A Tribute to LINDSAY WAGNER
1987 Archive>
THE VIDEO GAME

March 23, 1987

Keeping up with Jane How-to tapes buck up sales

Monday, March 23, 1987

RICK GROEN

BY RICK GROEN The Globe and Mail They call it the "sell through market" - videos designed for purchase, not rental - and the cutting edge of this growing sector is the instructional tape: how-to everything from building bathrooms to confidence, raising children to dahlias. Of course, the evergreen Jane Fonda, whose fitness sessions consistently lead the best-seller charts, is the reigning queen of how-to land. Now, she's back with her sixth cassette, the newly-released Low Impact Aerobic Workout.

Loosely translated, low impact means no jumping around, just lots of repeated stretches and brisk movement. Seems this one is designed for the relative beginner, for folks with stress injuries, or - in the kindly euphemism of the tape's dust jacket - "for people who have been sedentary." Naturally, the exercises bear the imprimatur of some medical type, in this case, a certain Doc Garrick of a west coast sports clinic.

Okay, just pop it in and on comes La Fonda, looking mighty healthy and backed up by a gaggle of energetic types decked out in mix-and-match leotards. Cue the music and we're off. Jane quickly builds up an impressive glow, all the while tossing out friendly encouragement ("Have a good time with it now"), specific guidance ("Chest lifted, shoulders back, tummy in"), or just general reminders to the apparently forgetful ("Keep breathing, breathing is very important").

Behind her, the class regularly chimes in with exhortatory hoots on the imaginative order of, "Oh, yeah." Before her, the camera remains static and serious, with none of the sexist angles that made the 20-Minute Workout such a voyeuristic hit on the commercial channels. Fifty minutes (and fifty bucks) later, it's all over. Worth every penny? Well, if the exercise program is half as well designed as the exercising professor . . . perhaps. Not so The Acupressure Facelift, the "first in a new beauty series" from that erstwhile bionic woman, Lindsay Wagner. As the title subtly hints, this how-to ignores the muscles and heads straight for the mug, opening with no-lines Lindsay posed by her goldfish pond and musing on the origins of this "ancient" massage: "The system is based on the Oriental technique known as acupuncture. The difference between acupuncture and acupressure is that we will be using our fingers." Now that's a happy relief.

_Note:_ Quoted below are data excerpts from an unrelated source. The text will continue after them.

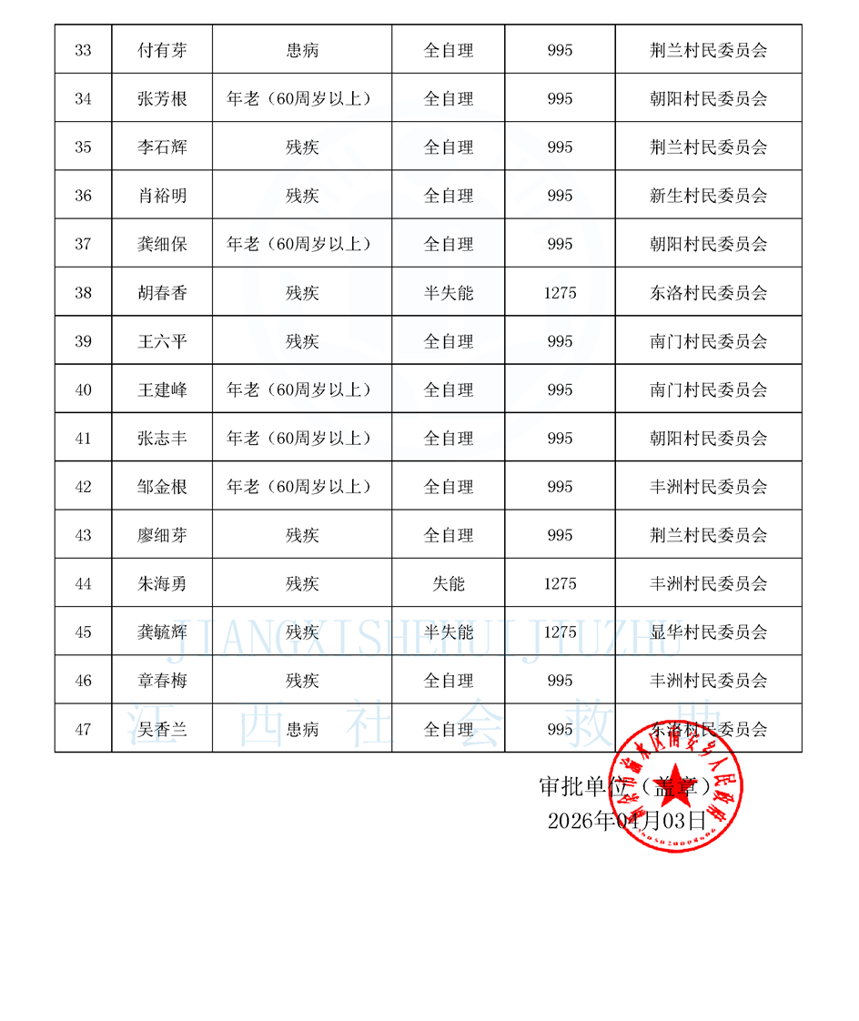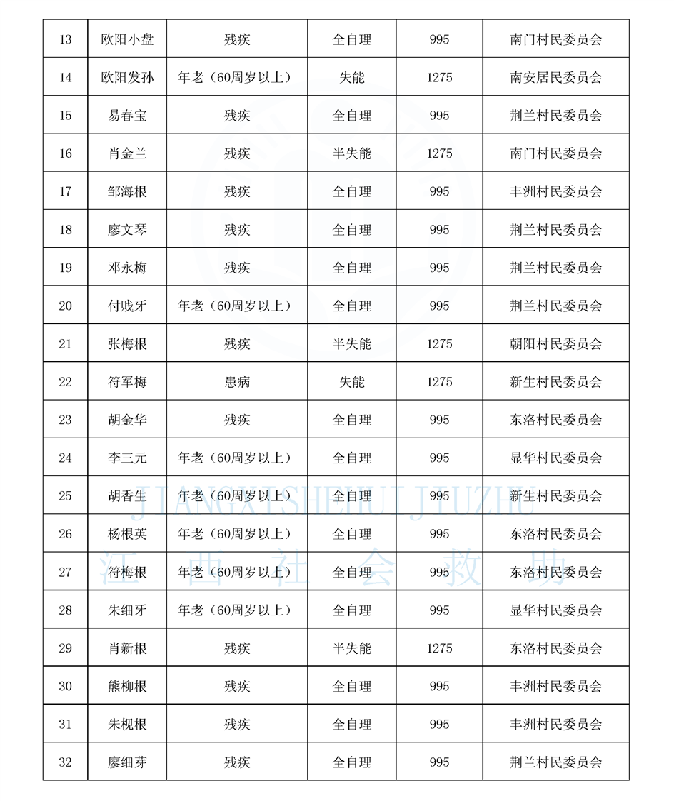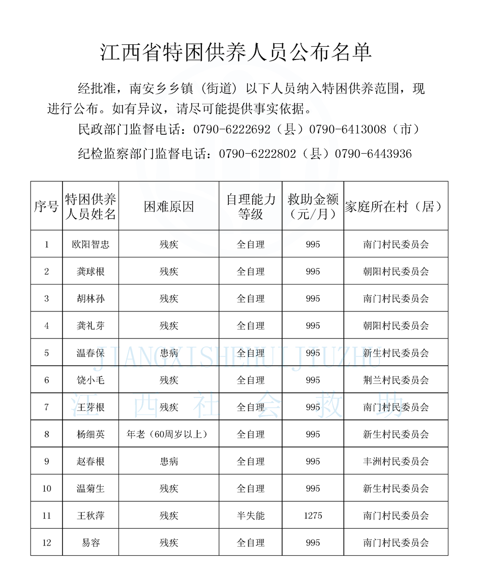 南安4月農村特困長期公布名單
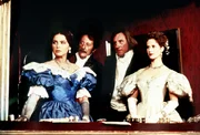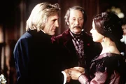Teil 2Erstes Wiedersehen zwischen Edmond Dantès alias Graf von Monte Christo (Gérard Depardieu, l.) und seiner ehemaligen Verlobten, der Gräfin de Morcerf (Ornella Muti). Der Graf de Morcerf (Jean Rochefort) bemerkt die Spannung zwischen den beiden.Bild: © Kineos
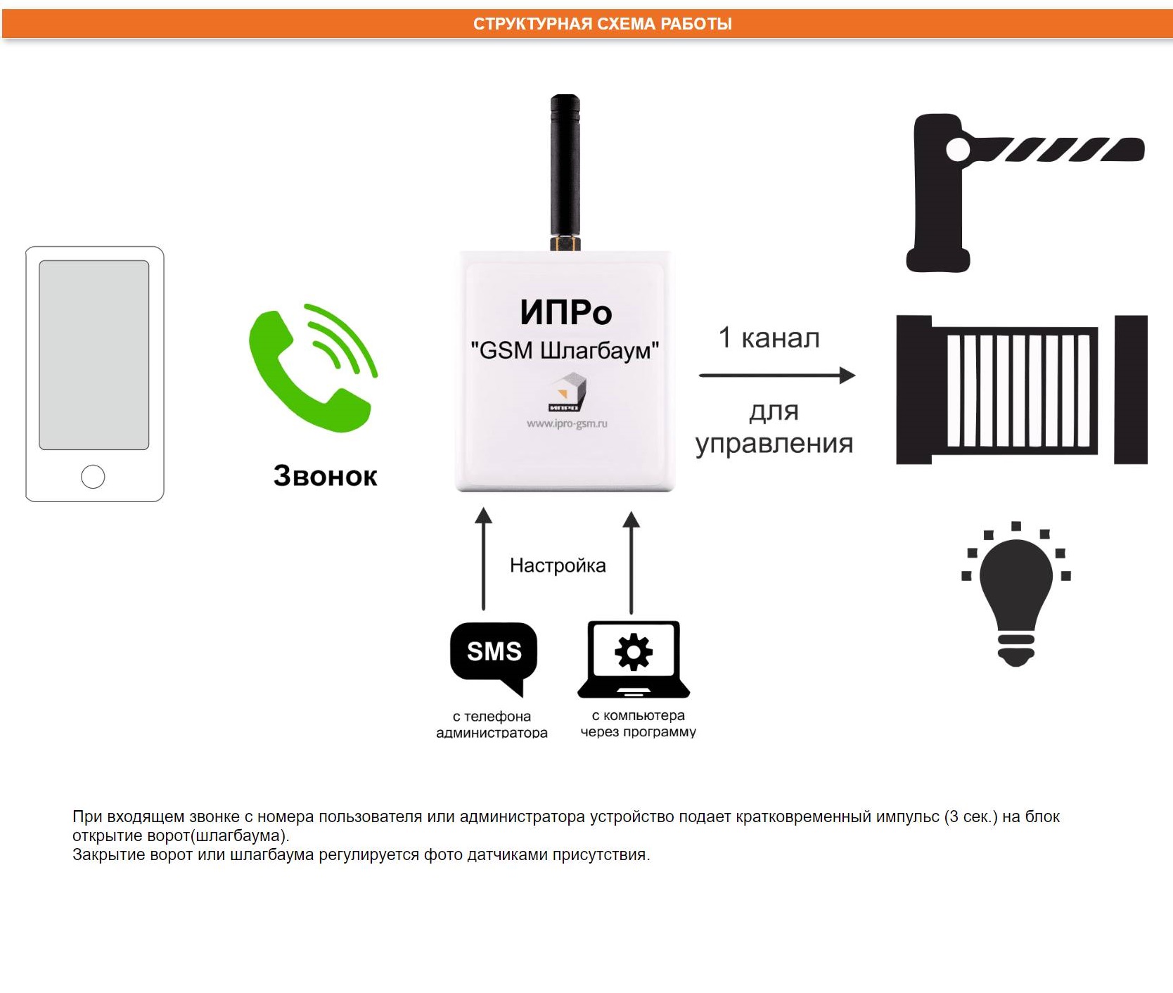 Gsm модуль "ИПРО шлагбаум" предназначен для управления с помощью мобильного телефона:

From there, to the musical strains of some vaguely Eastern tinkling, Wagner sits in full close-up, guides us through a little mental warm-up ("In your mind's eye see a waterfall above your head"), then rotates a well-manicured digit on the pressure points of her well-scrubbed visage. And that's the entire tape: 16 points, 25 minutes, 30 bucks.

Now a jaded soul may argue that the price is a tad steep for the privilege of watching someone wriggling a finger all over her face. But this shortsighted view overlooks the sage counsel offered by our polished pro, essential wisdom that no mere rookie could do without. Like: "Remember not to push on the eyeball." Or, better still: "If you have a blemish, just avoid that point and return to it in future sessions when it has cleared." Thanks teach, and see you next term in Toothbrushing 101.